Cuando hago memoria de los días pandémicos me pongo en lo mismo que todo el mundo: incertidumbre, aburrimiento y escasas y escuetas posibilidades de farra; asunto, este último, que en mí no causaba un gran pesar. Sin embargo, tal y como se está desarrollando este verano todo lo relacionado con la jarana, me da la sensación de que estos dos últimos años he vivido en una dimensión paralela. ¿Por qué? Porque no tengo la sensación de haber permanecido encerrada en una cárcel iraní, con todos mis respetos a los iraníes.

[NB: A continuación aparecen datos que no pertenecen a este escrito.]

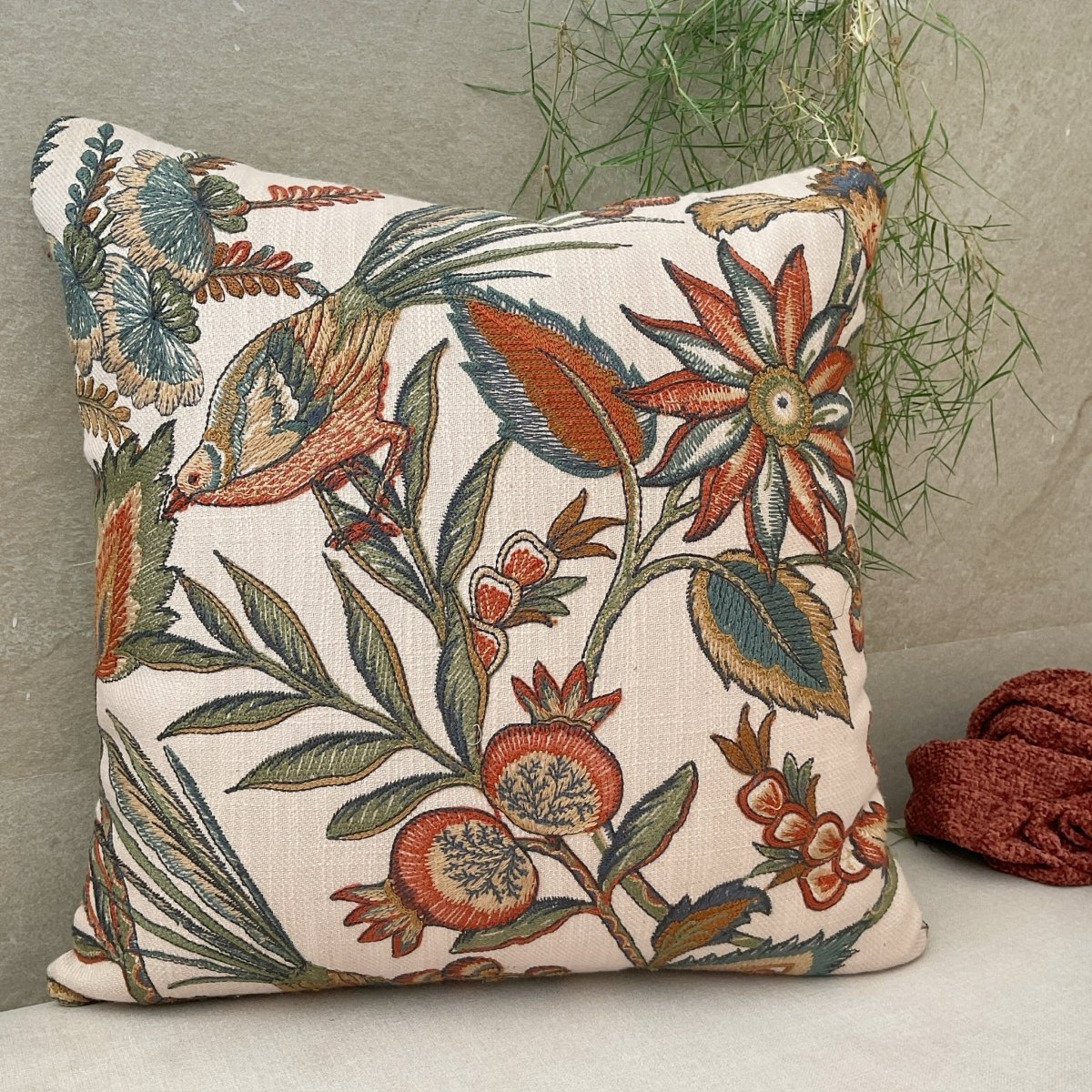 Chitravana is a tapestry of colour and craft, brought to life with intricate embroidery on natural linen. Its lush foliage, blooming florals, and perched bird create a scene that feels timeless yet celebratory.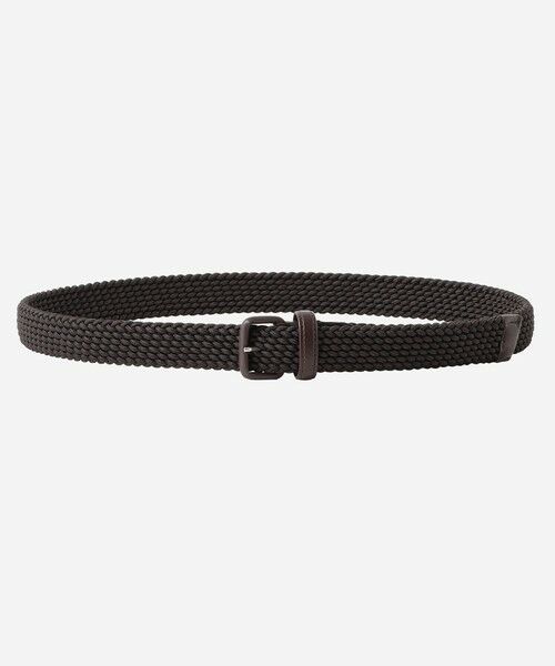 伸縮性のあるメッシュと牛革を使ったカジュアルベルトです。デニムパンツやチノパンツ等と好相性です。裏側にブランドロゴを箔押ししたタブ付きです。

Como os contaba, yo también sufrí la duda y el hastío, pero salvo los primeros meses que implicaron el confinamiento y su posterior desescalada, el resto me resultaba bastante normal, dentro del disparate de llamarle “normalidad” a lo de ir por la vida con una mascarilla plantada en todo el jeto mientras le das la bienvenida a un amigo chocando sendos codos. En resumidas cuentas, quiero decir que si quería ir a tomarme un café, iba, y si me tocaba ir a clase de Pilates, pilateaba, respetando siempre las reglas sanitarias, por supuesto.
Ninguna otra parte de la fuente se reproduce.